Linear prediction (LP) analysis is a ubiquitous analysis technique in current speech technology. The basis of LP analysis is the source-filter production model of speech. For voiced sounds in particular, the filter is assumed to be an all-pole linear filter and the source is considered to be a semi-periodic impulse train which is zero most of the times, i.e., the source is a sparse time series. LP analysis results in the estimation of the all-pole filter parameters representing the spectral shape of the vocal tract. The accuracy of this estimation can be evaluated by observing the extent in which the residuals (the prediction error) of the corresponding prediction filter resemble the hypothesized source of excitation [1] (a perfect impulse train in case of voiced speech). However, it is shown in [1] that even when the vocal tract filter follows an actual all-pole model, this criterion of goodness is not fulfilled by the classical minimum variance predictor. Despite the theoretic physical significance, such sparse representation forms the basis for many applications in speech technology. For instance, a class of efficient parametric speech coders are based on the search for a sparse excitation sequence feeding the LP synthesizer [2].

It is argued in [3] that the reason behind the failure of the classical method in providing such sparse representation is that it relies on the minimization of *l*_{2}-norm of prediction error. It is known that the *l*_{2}-norm criterion is highly sensitive to the outliers [4], i.e., the points having considerably larger norms of error. Hence, *l*_{2}-norm error minimization favors solutions with many small non-zero entries rather than the sparse solutions having the fewest possible non-zero entries [4]. Hence, *l*_{2}-norm is not an appropriate objective function for the problems where sparseness constraints are incorporated. Indeed, the ideal solution for sparse residual recovery is to directly minimize the cardinality of this vector, i.e., the *l*_{0}-norm of prediction error which yields a combinatorial optimization problem. Instead, to alleviate the exaggerative effect of *l*_{2}-norm criterion at points with large norms of error, it is usual to consider the minimization of *l*_{1}-norm as it puts less emphasis on outliers. *l*_{1}-norm can be regarded as a convex relaxation of the *l*_{0}-norm and its minimization problem can be re-casted into a linear program and solved by convex programming techniques [5].

The *l*_{1}-norm minimization of residuals is already proven to be beneficial for speech processing [6–8]. In [6], the stability issue of *l*_{1}-norm linear programming is addressed and a method is introduced for both having an intrinsically stable solution as well as keeping the computational cost down. The approach is based the Burg method for autoregressive parameters estimation using the least absolute forward-backward error.

In [7], the authors have compared the Burg method with their *l*_{1}-norm minimization method using the modern interior points method and shown that the sparseness is not preserved with the Burg method. Later, they have proposed a re-weighted *l*_{1}-norm minimization approach in [8], to enhance the sparsity of the residuals and to overcome the mismatch between *l*_{0}-norm minimization and *l*_{1}-norm minimization while keeping the problem solvable with convex programming tools. Initially the *l*_{1}-norm minimization problem is solved using the interior points method and then the resulted residuals are used iteratively, to re-weight the *l*_{1}-norm objective function such that less weight is given to the points having larger residual norms. The optimization problem is thus iteratively approaching the solution for the ideal *l*_{0}-norm objective function. We also mention that, an interesting review is made in [9, 10], on several solvers for the general problem of mixed *l*_{
p
}*l*_{0}-norm minimization in the context of piece-wise constant function approximation, which indeed their adaptation to the problem of sparse linear prediction analysis can be beneficial (particularly the stepwise jump penalization algorithm, which is shown to be highly efficient and reliable in detection of sparse events).

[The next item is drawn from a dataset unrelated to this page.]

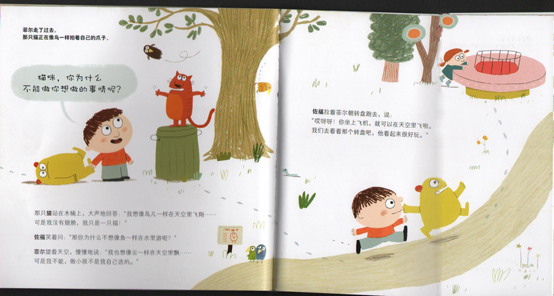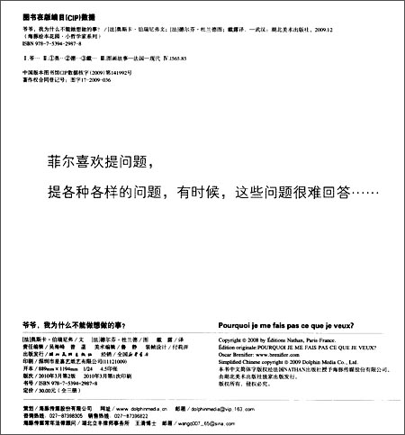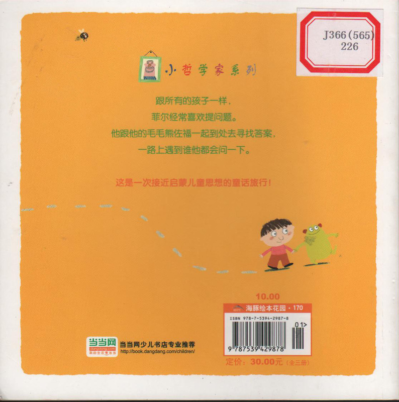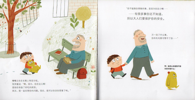 ![]() 阅读日期: 11月17日 参与人员:妈妈和宝宝 阅读绘本:小哲学家系列《爷爷,我为什么不能做想做的事?》 绘本特色:生动有特色的对话,体贴孩子的心理,引导孩子去为自己的问题找答案。 适读年龄: 3-8岁阅读心得: 小哲学家系列画风很有童趣,细节做得也很好。背景地上的小蜗牛,不同类型,不同样子的小树,小草,小花让孩子有更多的乐趣。 这套书有四本,分别是《老师,我为什么要上学?》《爷爷,我为什么不能做想做的事?》《爸爸,你为什么会喜欢我?》《妈妈,我为什么存在?》我只在图书馆找到了三本,还有一本《老师,我为什么要上学?》没找到。 这本书给他读以后就很喜欢,当孩子要做不应该做的事时,我说:“不行。”儿子就会问:“为什么?” 而你有没有这样过?没有告诉他为什么不能这样做,而是说:“不行。”“不可以”。“听话。"在忙碌的时候忽视了孩子。记得有一句话:“孩子的事情无小事。”和孩子展开心灵的交流是重要的事情,他们需要我们家长的关心。这本书也同样教育了我。 ![]() “我为什么不能做想做的事?”小菲尔疑惑地提出了这个问题,儿子也同样跟着菲尔问出了同样的问题。我说:“让我们一起来看吧!为什么不能做想做的事?” 这个问题也许我们用一生去思考也未必能弄明白。对小孩子而言,这个问题也许只是一种困扰。比如不想吃饭,吃零食;不想学习,想玩;上学不想坐着,想玩玩具;不想睡觉,想看电视。很多的事情诱惑着孩子。而把握能做的事情,不能做的事情,是一种活在世上的规矩,一种约束。这套书的答案是:没有标准答案。 菲尔有了问题,就跑去问爷爷,如同儿子有了问题就会问我一样。菲尔的爷爷没有回答他的问题,菲尔就带着毛毛熊自己去找了。书里描绘了菲尔碰到不同的事物,对菲尔不同的态度,给出了不同的答案。当个孩子,还真不容易啊! ![]() 最后爷爷想到答案了:那是因为,你还小,有些东西你并不知道它的危险性,所以大人要保护你的安全。

In this article, we propose a new and efficient solution to sparse LP analysis which is based on weighting of the *l*_{2}-norm objective function so as to maintain the computational tractability of the final optimization problem and to avoid the computational burden of convex programming. The weighting function plays the most important role in our solution in maintaining the sparsity of the resulting residuals. We first extract from the speech signal itself, the points having the potential of attaining largest norms of residuals (the glottal closure instants) and then we construct the weighting function such that the prediction error is relaxed on these points. Consequently, the weighted *l*_{2}-norm objective function can be minimized by the solution of normal equations of liner least squares problem. We show that our closed-form solution provides better sparseness properties compared to the *l*_{1}-norm minimization using the interior points method. Also, to show the usefulness of such sparse representation, we use the resulting prediction coefficients inside a multi-pulse excitation (MPE) coder and we show that the corresponding multi-pulse excitation source provides slightly better synthesis quality compared to the estimated excitation of the classical minimum variance synthesizer.

The article is organized as follows. In Section 2, we provide the general formulation of the LP analysis problem. In Section 3, we briefly review previous studies on sparse LP analysis and the numerical motivations behind them. We present our efficient solution in Section 4. In Section 5, the experimental results are presented and finally in Section 6, we draw our conclusion and perspectives.